October 18th 2012 and Google looses $29 billion off it share value. Commentators say it’s because they’ve lost focus on their ‘core’ business and are stretching themselves with things like the buying of Motorola.
Will this affect search and SEO and if so how? Well, let’s look at it without all the hype. So Google shares have lost value, but that’s not the same as money is it? After all if you pay $10 for a share in a company, then it goes up in value to $15 unless you sell it, you didn’t actually have that extra $5 did you?

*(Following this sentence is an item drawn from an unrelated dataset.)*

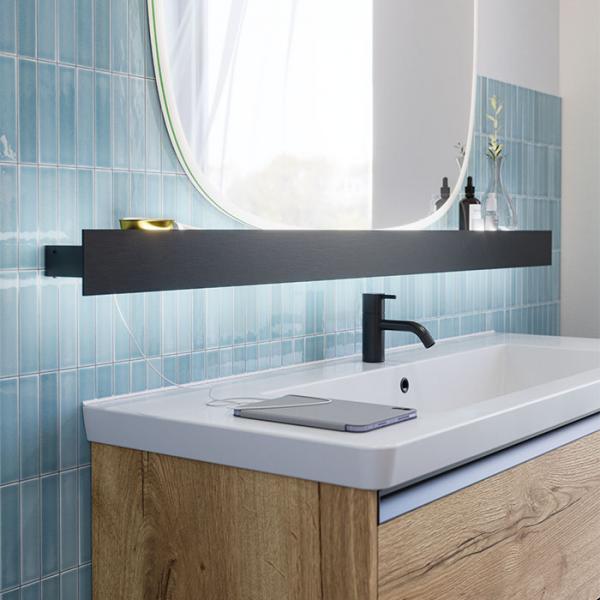 Dansani Luna Classic bringer et friskt pust til badeværelset med dette møbel, hvis detaljer giver kant og god funktionalitet. Badeværelsesmøblet er med sine 120 cm i bredden rummeligt, og du har både opbevaring i den lukkede skuffe og i den åbne hylde herunder. Skuffen åbnes med integreret greb i sort, som matcher den åbne hylde, som her også er i sort (NCS S 8500-N). Du kan vælge en anden NCS-farvekode til den åbne del af møbel, hvis du har lyst. Dansani Larghetto håndvasken har en bred kumme med god plads på hver side. I hvidt sanitetsporcelæn er håndvasken klassisk og holdbar. Specifikationer:

Sure you had the potential but you could argue that any lottery ticket has the potential to be worth millions, yet if it doesn’t win, you don’t go around bewailing the loss of that potential do you? Well unless you’re like my husband who’s convinced every week that his ‘numbers will come up’ of course 🙂
The question is though will it affect search or SEO? Answer, no, not really. Google still provides the majority of searches world wide, 67% in the US and higher in Europe. With those numbers why would a drop in share price affect the search arm?
Let’s be sensible, Google is still leading the world of search and although other engines like Bing, slowly one percentage point at a time has edged it’s way back into the search landscape it still has nothing like the reach of Google.
Google makes it’s money from advertising, that’s it’s core business, to continue that it needs to stay at the top of the search engine pile. I certainly wouldn’t like to bet against them – yet.
Just because this share shock has occurred at a time when Google was growing at a phenomenal rate and, I don’t think it’ll affect SEO or search, doesn’t mean to say Google can be complacent. It needs to continue to refine it’s search results whilst levelling the playing field so that small businesses can compete with the giants.
Google reaches into every area of the internet and so by default our lives. I don’t think that dropping ‘pretend’ money off its value is going to cause it too many problems do you?